=== ASSIGNED TASK ===
Please output the line containing "サマードレス ウェストロングスカート ピンク" and all lines that follow it in the data below, exactly, with no pictures.
※ ※ ※
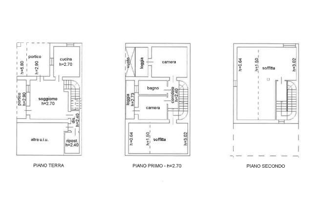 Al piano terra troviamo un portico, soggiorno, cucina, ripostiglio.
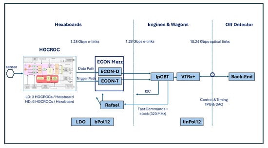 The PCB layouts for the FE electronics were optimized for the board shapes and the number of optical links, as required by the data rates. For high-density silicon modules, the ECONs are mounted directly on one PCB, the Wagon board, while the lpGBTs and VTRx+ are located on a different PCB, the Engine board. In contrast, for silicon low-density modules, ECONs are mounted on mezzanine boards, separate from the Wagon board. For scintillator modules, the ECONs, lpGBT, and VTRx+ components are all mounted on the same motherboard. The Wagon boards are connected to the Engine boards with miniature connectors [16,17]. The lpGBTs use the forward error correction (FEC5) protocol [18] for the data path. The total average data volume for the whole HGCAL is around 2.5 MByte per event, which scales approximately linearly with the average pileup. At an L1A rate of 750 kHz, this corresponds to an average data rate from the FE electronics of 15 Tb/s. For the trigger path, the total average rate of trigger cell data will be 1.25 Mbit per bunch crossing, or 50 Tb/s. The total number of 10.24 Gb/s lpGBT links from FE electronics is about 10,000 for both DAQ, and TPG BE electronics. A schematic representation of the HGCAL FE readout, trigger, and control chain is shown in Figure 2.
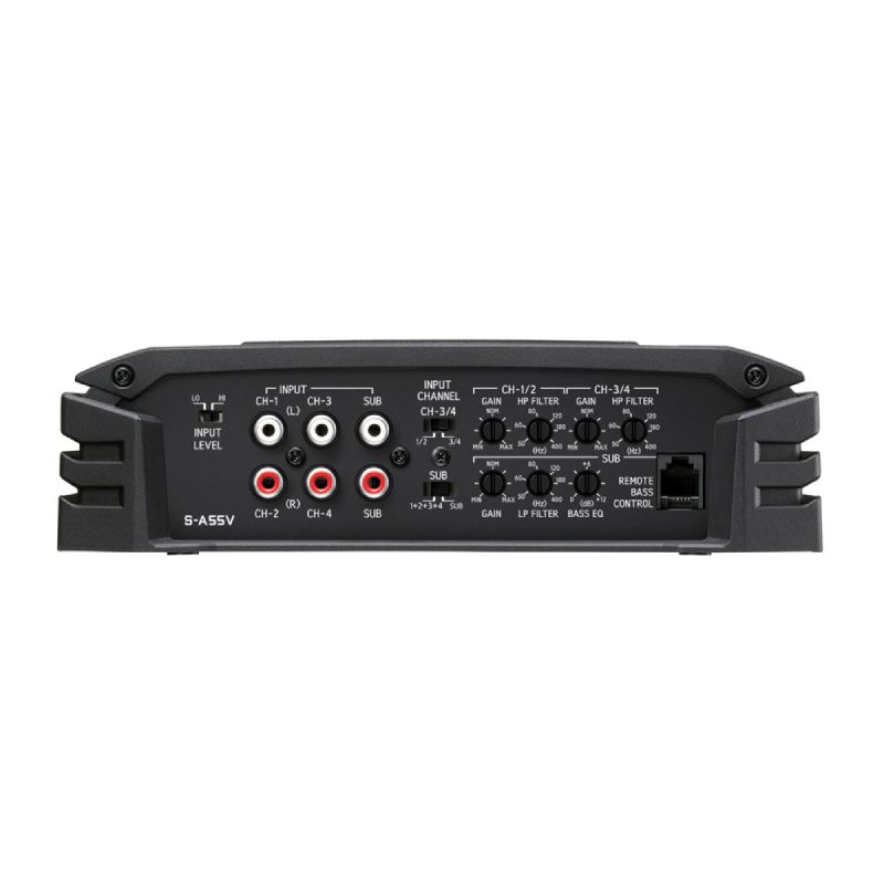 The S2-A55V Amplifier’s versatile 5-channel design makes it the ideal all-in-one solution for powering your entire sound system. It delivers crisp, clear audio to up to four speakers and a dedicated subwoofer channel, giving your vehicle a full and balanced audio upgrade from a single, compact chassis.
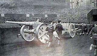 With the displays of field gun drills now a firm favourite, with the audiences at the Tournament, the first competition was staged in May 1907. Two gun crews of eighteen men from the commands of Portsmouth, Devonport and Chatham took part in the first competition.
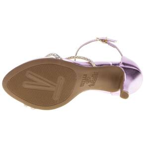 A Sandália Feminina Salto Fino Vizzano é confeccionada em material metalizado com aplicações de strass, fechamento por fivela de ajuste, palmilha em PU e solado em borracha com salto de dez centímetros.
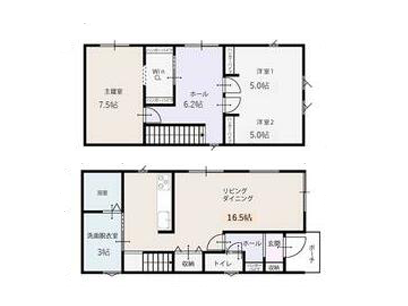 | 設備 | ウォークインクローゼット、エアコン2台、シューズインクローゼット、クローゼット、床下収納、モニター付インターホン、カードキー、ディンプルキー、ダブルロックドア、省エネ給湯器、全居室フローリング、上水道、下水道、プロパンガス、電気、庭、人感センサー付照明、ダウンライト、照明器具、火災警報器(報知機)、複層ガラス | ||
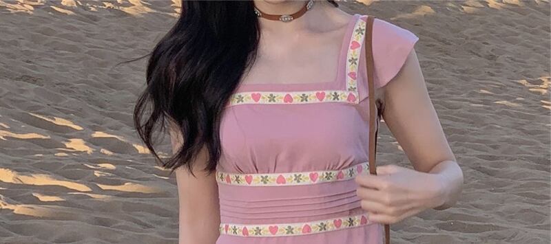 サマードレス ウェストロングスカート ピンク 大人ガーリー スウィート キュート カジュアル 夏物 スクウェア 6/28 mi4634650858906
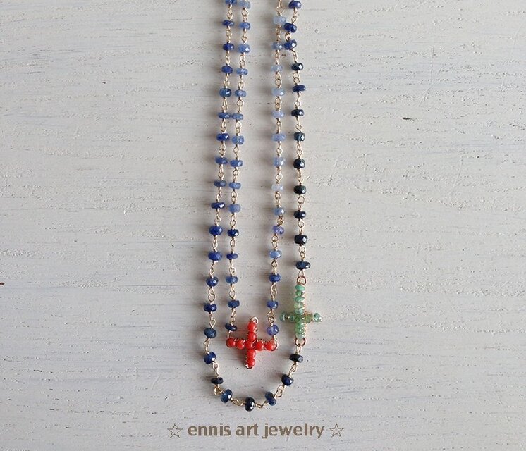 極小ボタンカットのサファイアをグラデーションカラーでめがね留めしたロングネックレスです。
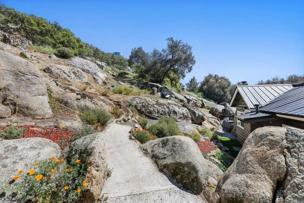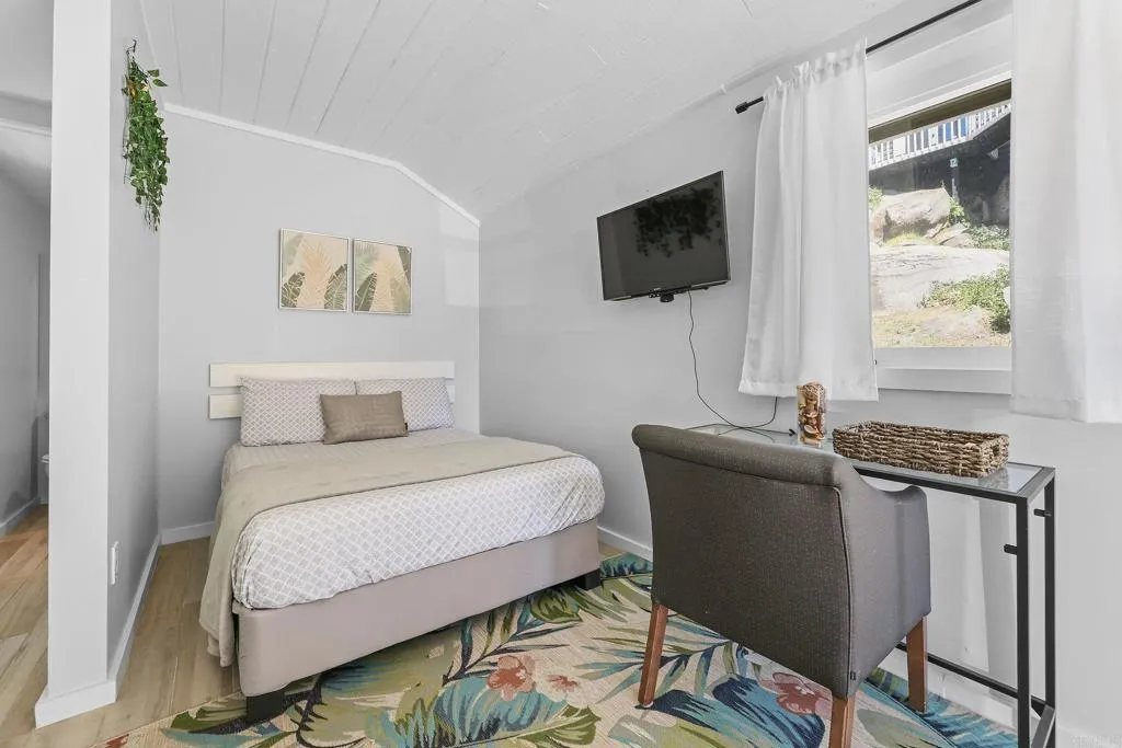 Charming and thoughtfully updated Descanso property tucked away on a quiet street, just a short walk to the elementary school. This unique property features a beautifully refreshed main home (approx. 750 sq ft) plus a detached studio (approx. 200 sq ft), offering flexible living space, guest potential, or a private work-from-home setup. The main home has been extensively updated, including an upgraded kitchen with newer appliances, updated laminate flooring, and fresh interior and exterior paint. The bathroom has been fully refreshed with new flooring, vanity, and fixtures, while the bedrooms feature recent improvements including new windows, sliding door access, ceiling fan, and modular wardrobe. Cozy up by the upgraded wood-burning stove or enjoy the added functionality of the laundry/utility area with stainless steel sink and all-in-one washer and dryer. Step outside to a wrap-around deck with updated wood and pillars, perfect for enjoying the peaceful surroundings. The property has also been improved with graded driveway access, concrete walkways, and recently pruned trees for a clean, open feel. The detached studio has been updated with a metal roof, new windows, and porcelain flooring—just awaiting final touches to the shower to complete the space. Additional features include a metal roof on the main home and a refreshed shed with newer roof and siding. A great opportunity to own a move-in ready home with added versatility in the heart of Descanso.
※ ※ ※
=== WRITTEN ANSWER ===
 サマードレス ウェストロングスカート ピンク 大人ガーリー スウィート キュート カジュアル 夏物 スクウェア 6/28 mi4634650858906
 極小ボタンカットのサファイアをグラデーションカラーでめがね留めしたロングネックレスです。
 Charming and thoughtfully updated Descanso property tucked away on a quiet street, just a short walk to the elementary school. This unique property features a beautifully refreshed main home (approx. 750 sq ft) plus a detached studio (approx. 200 sq ft), offering flexible living space, guest potential, or a private work-from-home setup. The main home has been extensively updated, including an upgraded kitchen with newer appliances, updated laminate flooring, and fresh interior and exterior paint. The bathroom has been fully refreshed with new flooring, vanity, and fixtures, while the bedrooms feature recent improvements including new windows, sliding door access, ceiling fan, and modular wardrobe. Cozy up by the upgraded wood-burning stove or enjoy the added functionality of the laundry/utility area with stainless steel sink and all-in-one washer and dryer. Step outside to a wrap-around deck with updated wood and pillars, perfect for enjoying the peaceful surroundings. The property has also been improved with graded driveway access, concrete walkways, and recently pruned trees for a clean, open feel. The detached studio has been updated with a metal roof, new windows, and porcelain flooring—just awaiting final touches to the shower to complete the space. Additional features include a metal roof on the main home and a refreshed shed with newer roof and siding. A great opportunity to own a move-in ready home with added versatility in the heart of Descanso.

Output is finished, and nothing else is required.